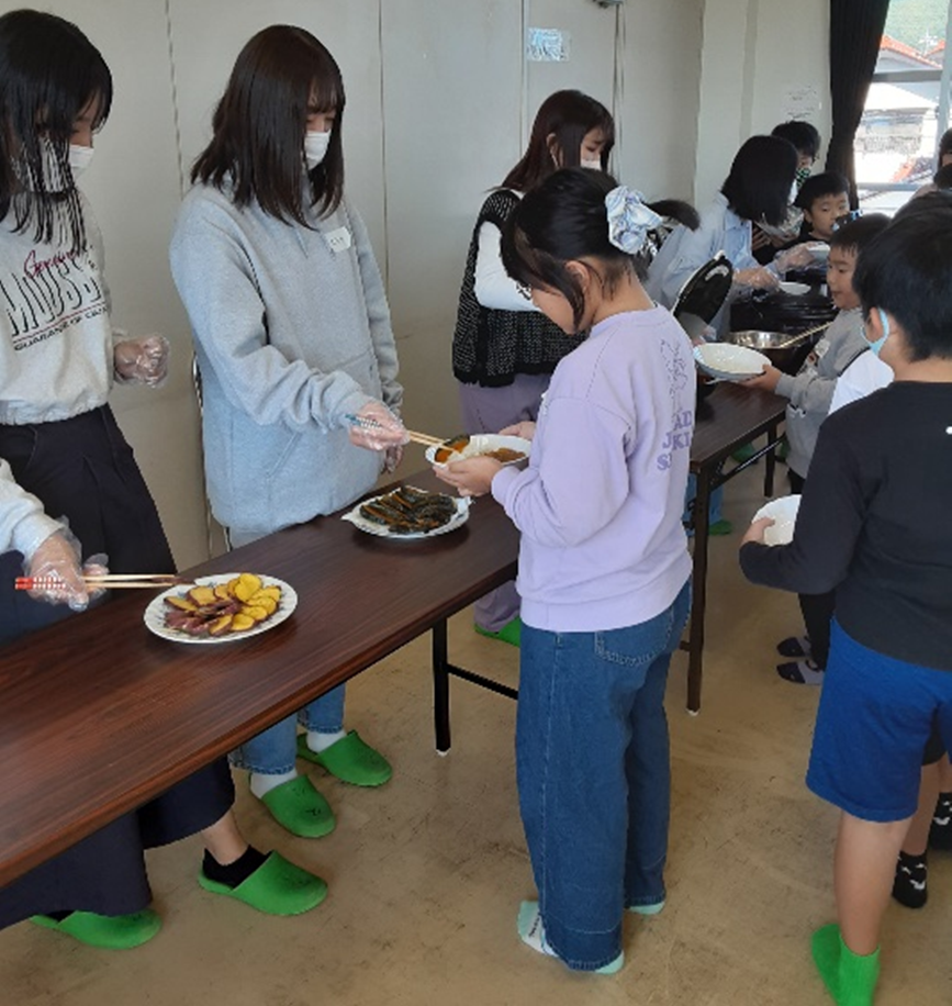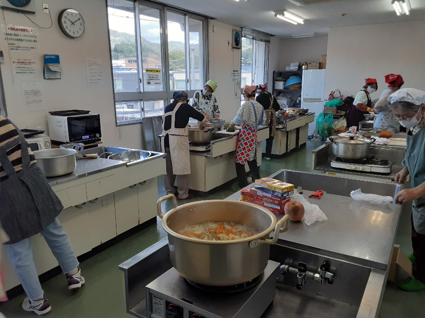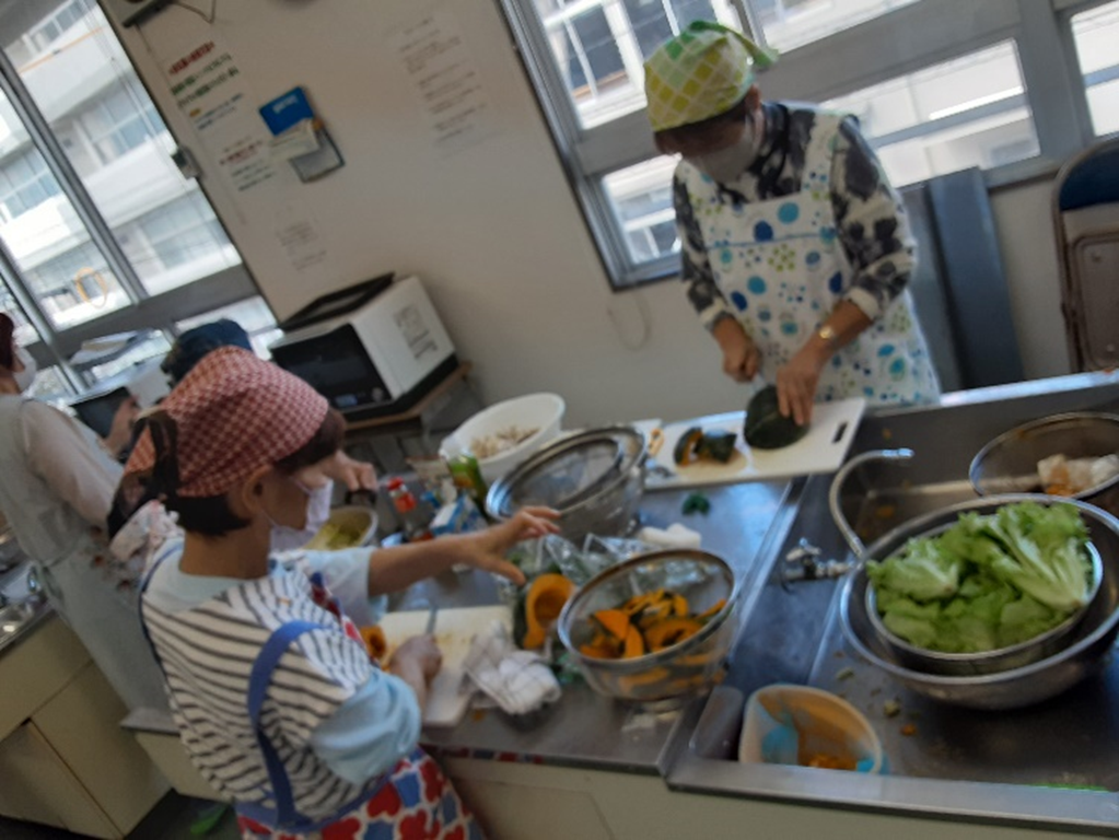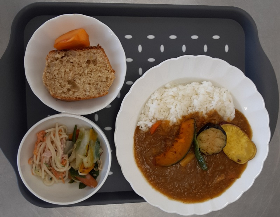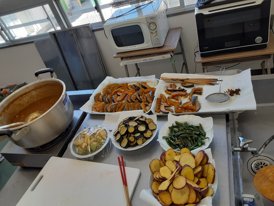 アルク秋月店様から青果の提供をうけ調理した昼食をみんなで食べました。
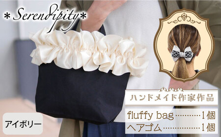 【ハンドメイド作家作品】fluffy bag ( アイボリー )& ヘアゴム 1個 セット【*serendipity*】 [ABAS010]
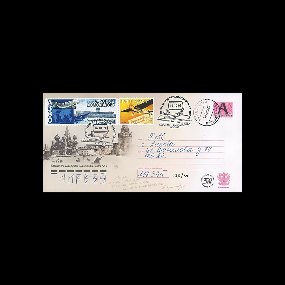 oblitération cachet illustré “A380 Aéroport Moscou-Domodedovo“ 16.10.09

■ ■ ■

- YOUR ASSIGNMENT -
In copying the material, drop all pictures and keep everything else identical.

- TASK ANSWER -
 アルク秋月店様から青果の提供をうけ調理した昼食をみんなで食べました。
 【ハンドメイド作家作品】fluffy bag ( アイボリー )& ヘアゴム 1個 セット【*serendipity*】 [ABAS010]
 oblitération cachet illustré “A380 Aéroport Moscou-Domodedovo“ 16.10.09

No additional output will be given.